Precious metals rose as dollar retreated after Federal Reserve Chairman Ben Bernanke supported the continuance of bond-purchasing program saying that economy isnt strong enough yet.
The MSCI Asia Pacific Index gained 1.8% to 134.84 at 1:58 p.m. in Tokyo. Standard & Poor’s 500 Index futures added 1% after the gauge rose to within 1 percent of its record yesterday. Gold, silver and copper soared by more than 1.9%. The Dollar Index sank 1.8%.
Bernanke backed sustained stimulus in a speech yesterday, after minutes of the Fed’s June meeting showed officials want to see more signs of job growth before starting to reduce the $85 billion-a-month bond purchases. The BOJ said it would retain its plan for monetary stimulus at the end of its two-day meeting today and the Bank of Korea kept interest rates unchanged.

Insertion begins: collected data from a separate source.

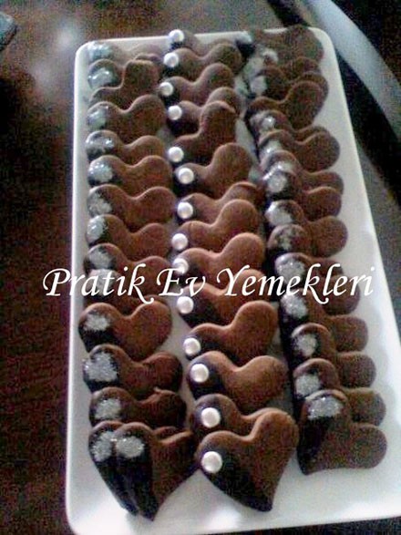 Kalpli Kurabiye Tarifi 1 paket margarin oda sıcaklığında 1 su bardağı pudra şekeri 1 paket kakao (30gr) 1 adet yumurta aldığı kadar un 1 paket bitter çikolata (kare olanlardan) Arjantin şekeri Pasta simi Önce pudra şekeri ve margarin yoğurulur daha sonra yumurta ve dıger malzemeler yoğurulur hamur 1 saat bekletilip merdaneyle açılır ve kalp şeklinde […]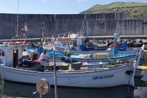 Unser „Nachbar“ schenkt und 5 superfrische Fische und unser letztes Abendessen auf Graciosa ist gesichert.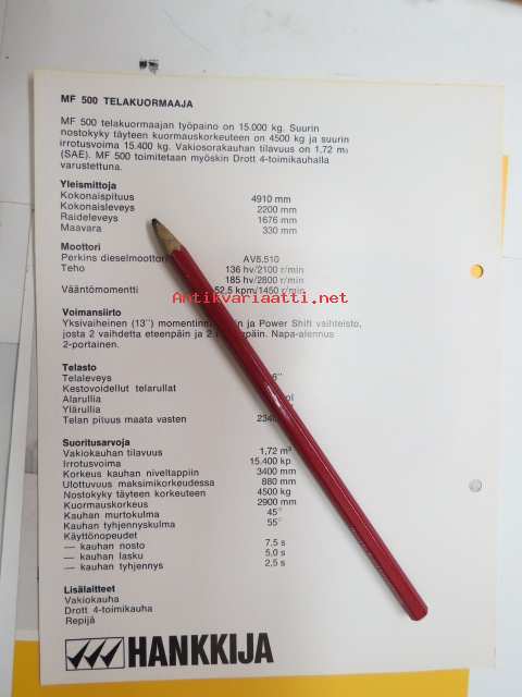 Massey-Ferguson F 500 telakuormaaja -myyntiesite / loader brochure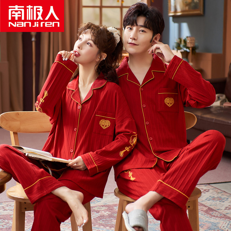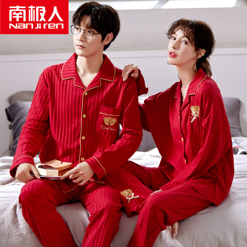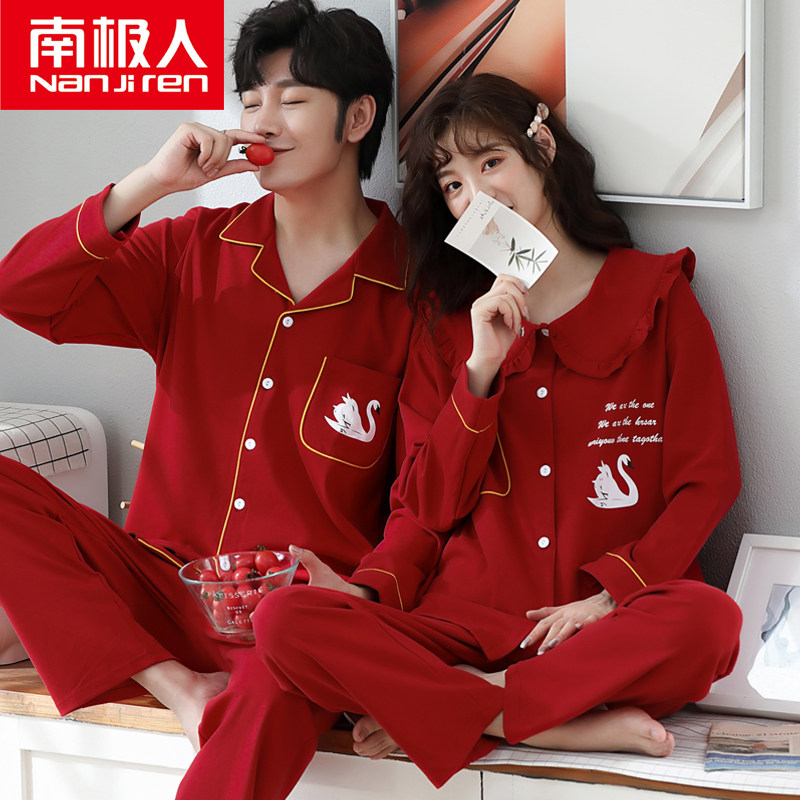 Antarctic couple pajamas woman spring and autumn cotton long sleeves married new marriage suit red life year men's home dress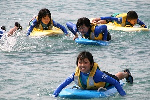 泉田、草柳講師からレスキューチューブやニッパーボードといった、ライフセービングの道具の使い方を教えてもらい、皆で実際に海に出て試してみました。誰もが初めて手にする道具でしたが、両講師にサポートしてもらいながら楽しく体験することができました。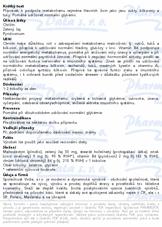 Přípravek k podpoře metabolismu zejména hlavních živin jako jsou cukry, bílkoviny a tuky. Pomáhá udržovat normální glykémii.
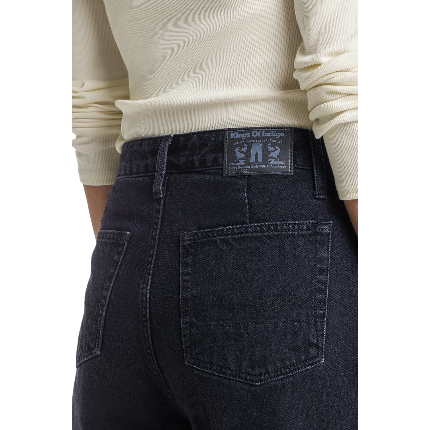 Die LEILA-Jeans sind eine hoch taillierte Passform mit einem Ballonbein und einem gekürzten Schnitt, der mühelos Volumen und Kante verleiht. Hergestellt aus einer Mischung aus GOTS-zertifizierter Vor- und Post-Consumer-Recycling-Baumwolle, sind sie fest, strukturiert und vollständig im Kreislaufdesign verwurzelt. Die Denim-Black-Waschung bleibt clean und markant mit einem abgenutzten, matten Finish. Kombiniere die LEILA mit einem cropped T-Shirt oder Tanktop für einen Kontrast oder trage sie mit einem oversized Hemd für maximalen Komfort. Form, Struktur und zertifizierte Nachhaltigkeit – alles in einem.

“It’s a shot in the arm, so to speak,” Natalie Trunow, the Bethesda, Maryland-based chief investment officer of equities for Calvert Investments Inc. said in a phone interview for Bloomberg. “Anything that helps the economy and makes money cheap is an accommodative stance.”
The most dramatic move was in the U.S. dollar, which decreased 1.5% against the yen overnight and moved even lower Thursday after the Bank of Japan finished its monthly policy meeting. Although the central bank upgraded its assessment of the economy, it reduced its inflation target for the 2013 fiscal year to 0.6% and 2014 target to 1.3%.
S&P 500 index remained close to 0, Dow Jones Industrial average slumped by 0.06% and Nasdaq technology index added 0.47%.